一席目の"道灌"はオヤっと思った。声が通らない。いつもだと低い声で話しても後ろの席までよく聞こえたものだが。
前座の柳家ろべえがヤケに元気が良かったので特にそう感じたのかもしれない。
前半は休憩も含めて1時間で終わってしまい、残り1時間を演るのなら大ネタになるのかもしれない。仲入り後は30分程度の軽い噺をやるのが最近のパターンなのだが。と思っていたらまくらもそこそこに船宿に寄宿する若旦那の徳兵衛さんの噺が始まった。
                        "船徳"だ。
だけどあれは棹を操る場面、櫓をこぐ場面、揺れる船の中での会話の場面など体力を使う場面がたくさんある。 涼しくなったとはいえ最近の猛暑だ。よく演る気になったものだ。

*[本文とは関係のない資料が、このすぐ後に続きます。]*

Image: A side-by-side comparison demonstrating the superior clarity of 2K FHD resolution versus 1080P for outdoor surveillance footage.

"船徳"は私が落語を聴くきっかけになった噺だ。 時は19才の春。新川の桜を守るためのチャリティで、"さくら寄席"というのを市川市民の有志が計画した。市報に出ていたのだと思う。場所は家から歩いて15分ほどの市川市民会館の会議室。演者は当時32才の柳家小三治。当時はまだ若手の落語家で名前を知っていたのかどうか…? 入場料は500円程度だったと思う。興味本位で見に行った。新川の桜が咲いていたから春だ。一席演ったのか二席演ったのかは覚えていない。覚えているのは小三治が"船徳"を演ったことだ。その後42年間毎年小三治の落語を聴きに行くきっかけになった。

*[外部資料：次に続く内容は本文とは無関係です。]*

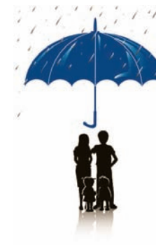
Life & Health Insurance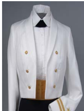
JACKET, DINNER DRESS WHITE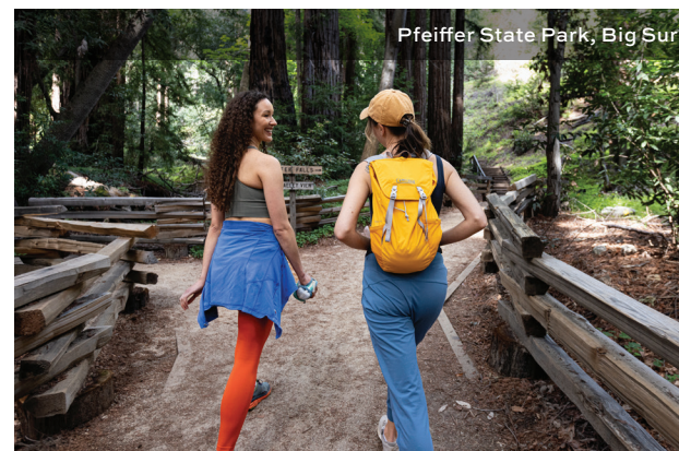
Pfeiffer State Park, Big Sur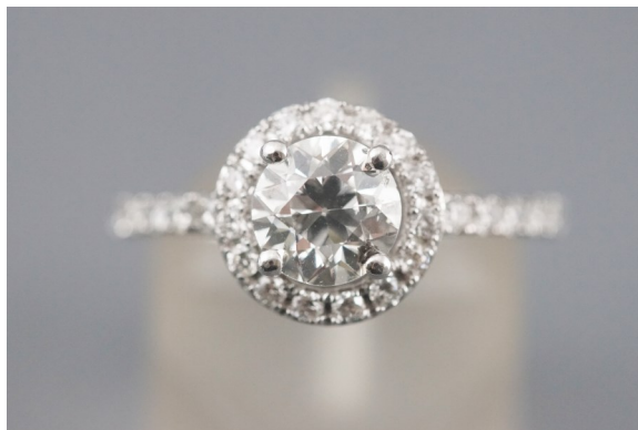
Lot 121 A white metal diamond cluster ring. Estimate £3500 - 4000 (plus BP at 15% excl VAT)

その時の"船徳"は強烈だった。50人ほどの観客はそのおかしさに悶絶した。私も含めて全員が会議室の折りたたみ椅子の上に普通に座っていられないほど身を捩っていた。
夕方から始まった落語会は帰るころには夜になっていた。あの時に見上げた白っぽい桜の花びら、湿り気を含んだ暖かい空気の匂いを今でも覚えている。
42年目の小三治は何か期するところがあったのだろうか。